What is needed: Please keep pictures out and return the lines below exactly, from the one holding "今天(4月14日),加拿大移" through the last, both included.

Dataset entries
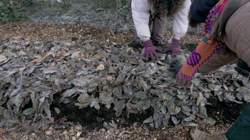 Gather desiccated leaves around the garden and garden entrance, the slimy remains of artichoke leaves from one of the other garden beds
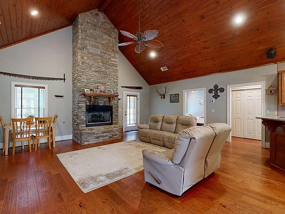 Welcome to this beautiful 1613 sf single-level home with a 936 sf versatile bonus room over the 3-car garage, ideally located on County Road 379; just a half mile before the iconic Long Bridge. Step inside to find engineered wood floors guiding you through a warm and welcoming open concept living space. The vaulted family room features a tongue-and-groove ceiling and a cozy stone gas log fireplace with hearth and mantel. A half bath is conveniently located off the entry, ideal for guests. The kitchen boasts granite countertops, a raised eat-at bar, and a full complement of stainless-steel appliances. The Master bedroom features wood floors, a double vanity ensuite with jetted tub, a separate tile shower, and walk-in closet. A split-bedroom layout provides two additional bedrooms connected by a Jack-and-Jill bath with double vanity. The hall laundry closet comes complete with washer and dryer, and the home is equipped with a central vacuum system for added convenience. Step out back to enjoy the oversized patio and spacious backyard—perfect for outdoor play or entertaining. A sidewalk leads to the detached 3-car garage, where upstairs you'll find a spacious 932 sq ft bonus room with its own half bath—ideal for a guest suite, home office, or hobby space. Located just one mile from the Long Bridge boat launch and less than a mile from the Country Market, this home offers the perfect blend of comfort, space, and proximity to all that Lake Harding has to offer.
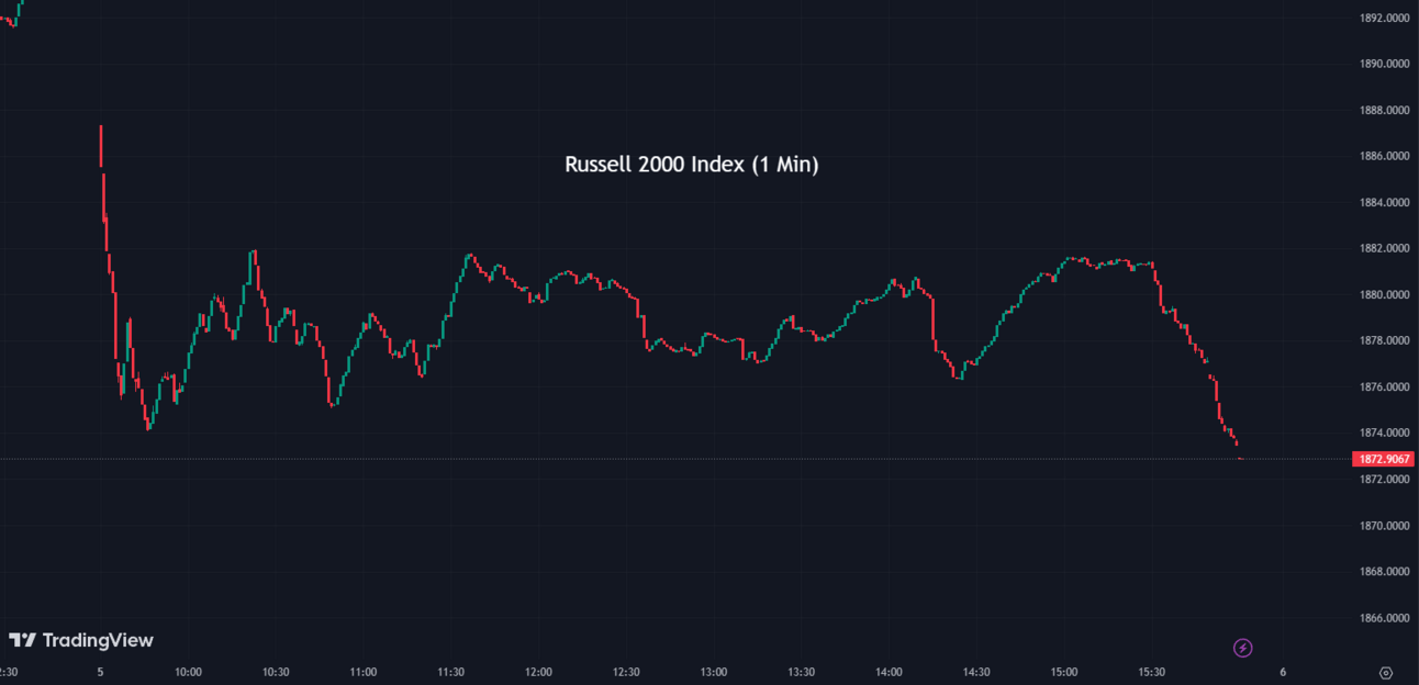 The Russell 2000 (RUT) slid by -1.26% to finish at 1,872
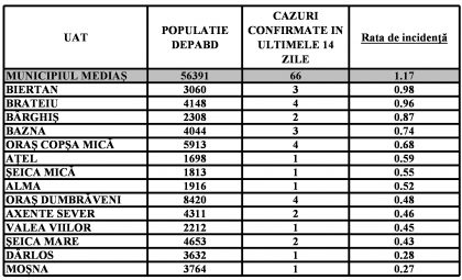 Localitățile din zona Mediaș care nu mai apar în tabel au incidența zero.
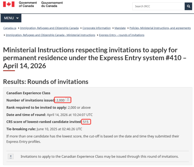 今天(4月14日),加拿大移民部(IRCC)再次通过快速通道(Express Entry,简称EE)系统发出最新一轮移民申请邀请(ITA)。
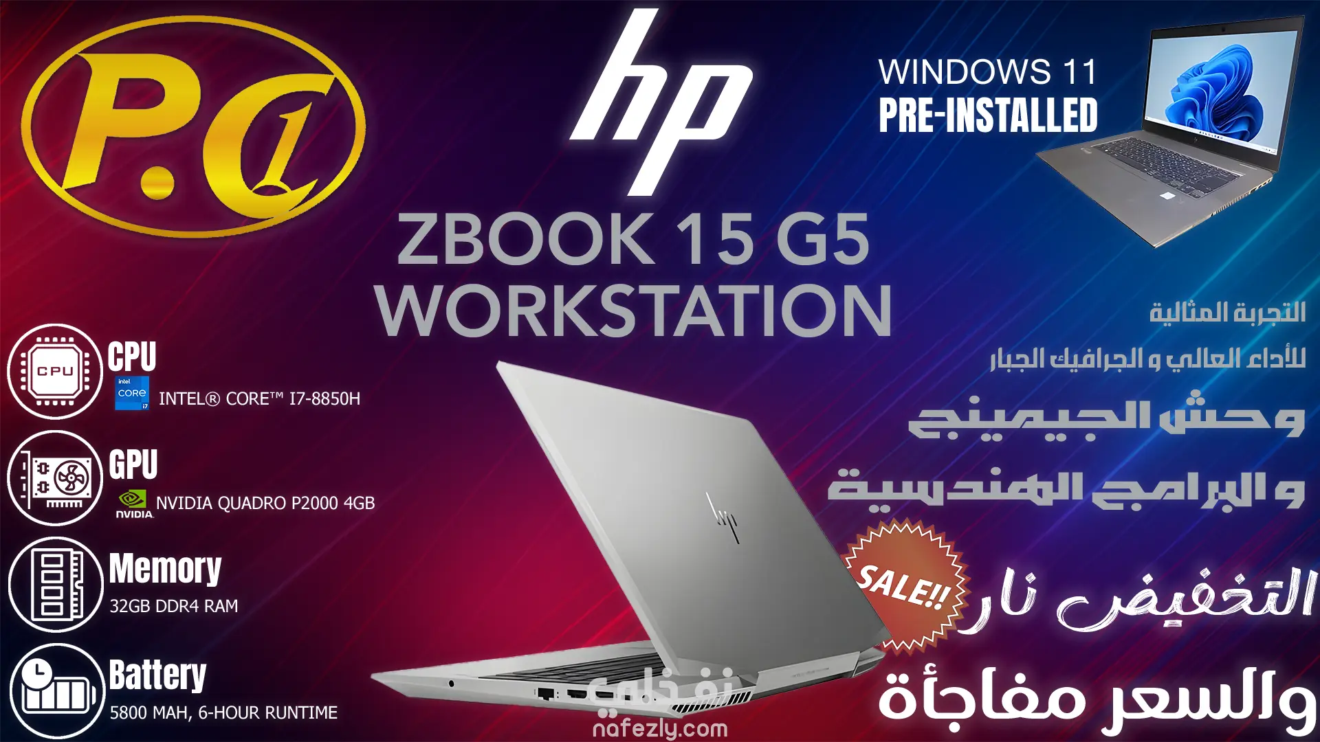 هذا تصميم إعلاني مخصص للترويج لجهاز ZBook 15 G5 Workstation Laptop، يبرز فيه صورة اللابتوب بشكل احترافي مع عناصر جرافيكية تضيف جاذبية للإعلان.

Solved problem:
 今天(4月14日),加拿大移民部(IRCC)再次通过快速通道(Express Entry,简称EE)系统发出最新一轮移民申请邀请(ITA)。
 هذا تصميم إعلاني مخصص للترويج لجهاز ZBook 15 G5 Workstation Laptop، يبرز فيه صورة اللابتوب بشكل احترافي مع عناصر جرافيكية تضيف جاذبية للإعلان.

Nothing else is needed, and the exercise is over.